Maple syrup inhibits CRC cell growth, proliferation, and invasion through suppression of AKT signaling pathway activation… These findings suggest that maple syrup, particularly dark colored ones, might be suitable as phytomedicines, which have fewer adverse effects than traditional chemotherapy for CRC treatment.  Inhibitory effect of maple syrup on the cell growth and invasion of human colorectal cancer cells

Another “WOW:  The science keeps looking at what exactly is in maple syrup, and discovers more and more beneficials.  Take this study:

In summary, 30 compounds were isolated from MS-EtOAc that have not been previously reported from MS-BuOH (4, 5). Among these, four of the isolates are new compounds and 24 others are being reported from maple syrup for the first time.
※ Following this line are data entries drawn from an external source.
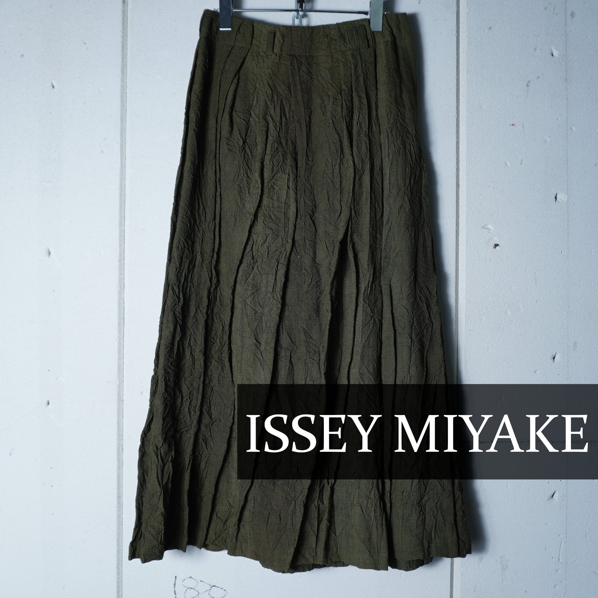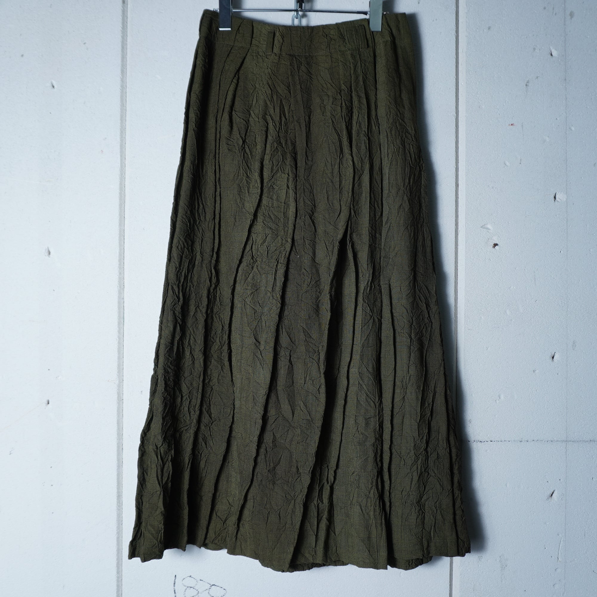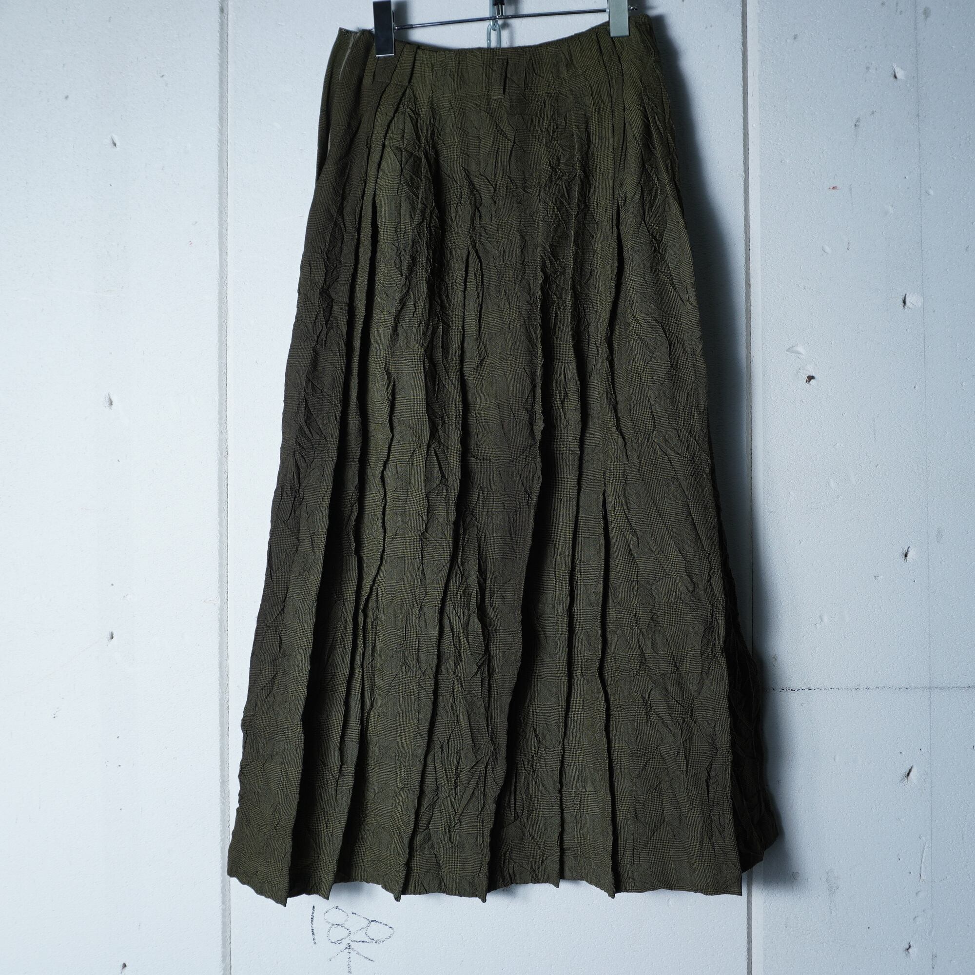 【ISSEY MIYAKE】イッセイミヤケhai sporting gear "ARCHIVE" シワ加工ランダム染プリーツスカート khaki
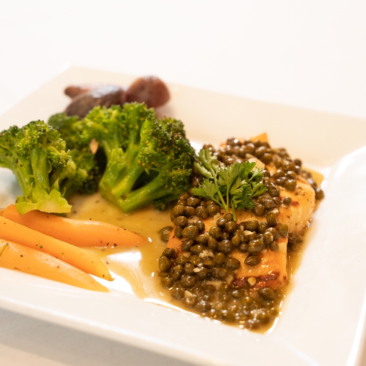 Sautéed chicken breast with artichokes, eggplant, capers, fresh tomatoes, in light demi-glace sauce.
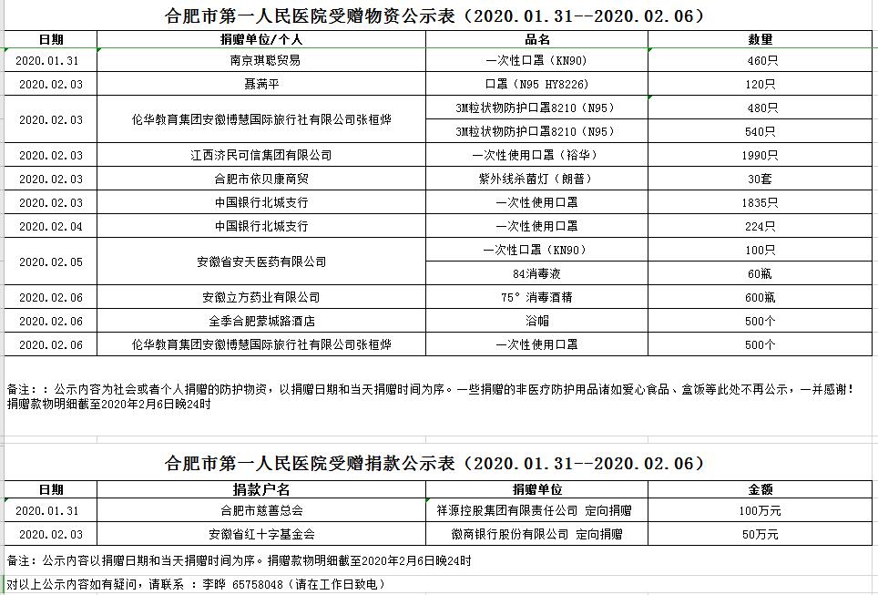 91热爆 受赠物资公示表(2020.01.31--2020.02.06)
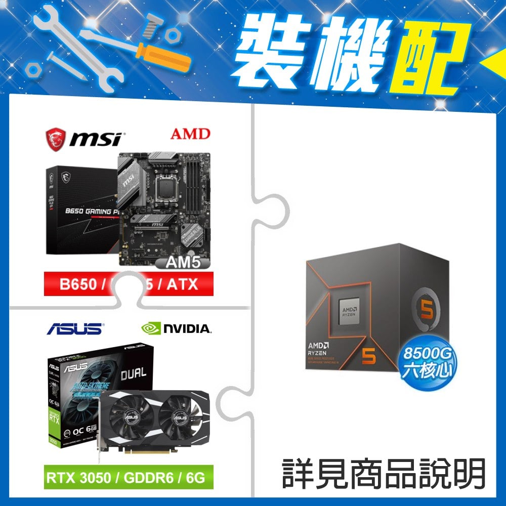 ☆裝機配★ AMD R5 8500G+微星 B650 GAMING PLUS WIFI D5 ATX主機板+華碩 DUAL-RTX3050-O6G 顯示卡
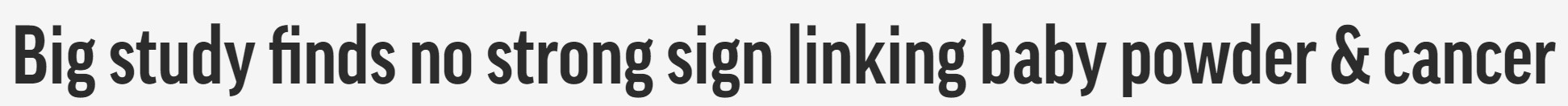 【大型研究发现爽身粉及癌症之间没有强力关联】美国政府主导的一项研究发现,没有强力证据表明婴儿爽身粉与卵巢癌有关联,这是该问题上最大规模的一次研究分析。
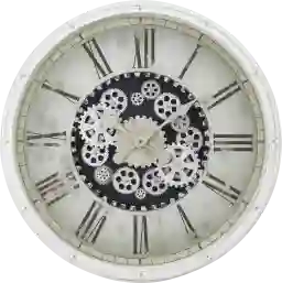 Stay right on trend with the Bavariay white wall clock, featuring an exposed gear mechanism design. This large, oversized wall clock in a transitional style is crafted with a durable plastic frame and a clear glass surface over the easy to read, printed roman numeric markings. The quartz movement on this analog ensures accurate timekeeping, while the moving white metal gears adds a unique vintage touch to this non-ticking clock. No assembly is required, simply insert 3 AA batteries, not included, hang it up and let this clock become the focal point in your decor. Transform that empty wall space with this elegant oversize clock if you are looking to add a stylish and functional piece to your home decor.
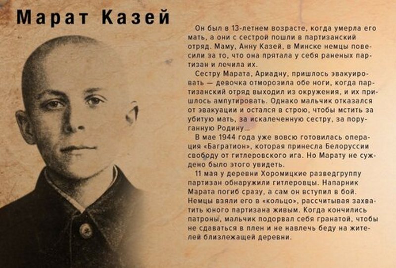 Марат — пионер-герой, юный красный партизан-разведчик. Подвиг Марата был отмечен почетной наградой – орденом Отечественной Войны первой степени, а также медалями «За боевые заслуги» и «За отвагу». В 1944 году начинается операция «Багратион», благодаря которой Беларусь освободили от фашистских захватчиков, чего не смог увидеть 14-летний Марат.

In addition, MS-EtOAc contains 10 additional/overlapping compounds that are also present in MS-BuOH. The results reported here advances current knowledge of maple syrup constituents and confirm that this plant derived natural sweetener contains a wide diversity of phytochemicals, among which phenolic compounds predominate-Further investigation into maple syrup yields 3 new lignans, a new phenylpropanoid, and 26 other phytochemicals.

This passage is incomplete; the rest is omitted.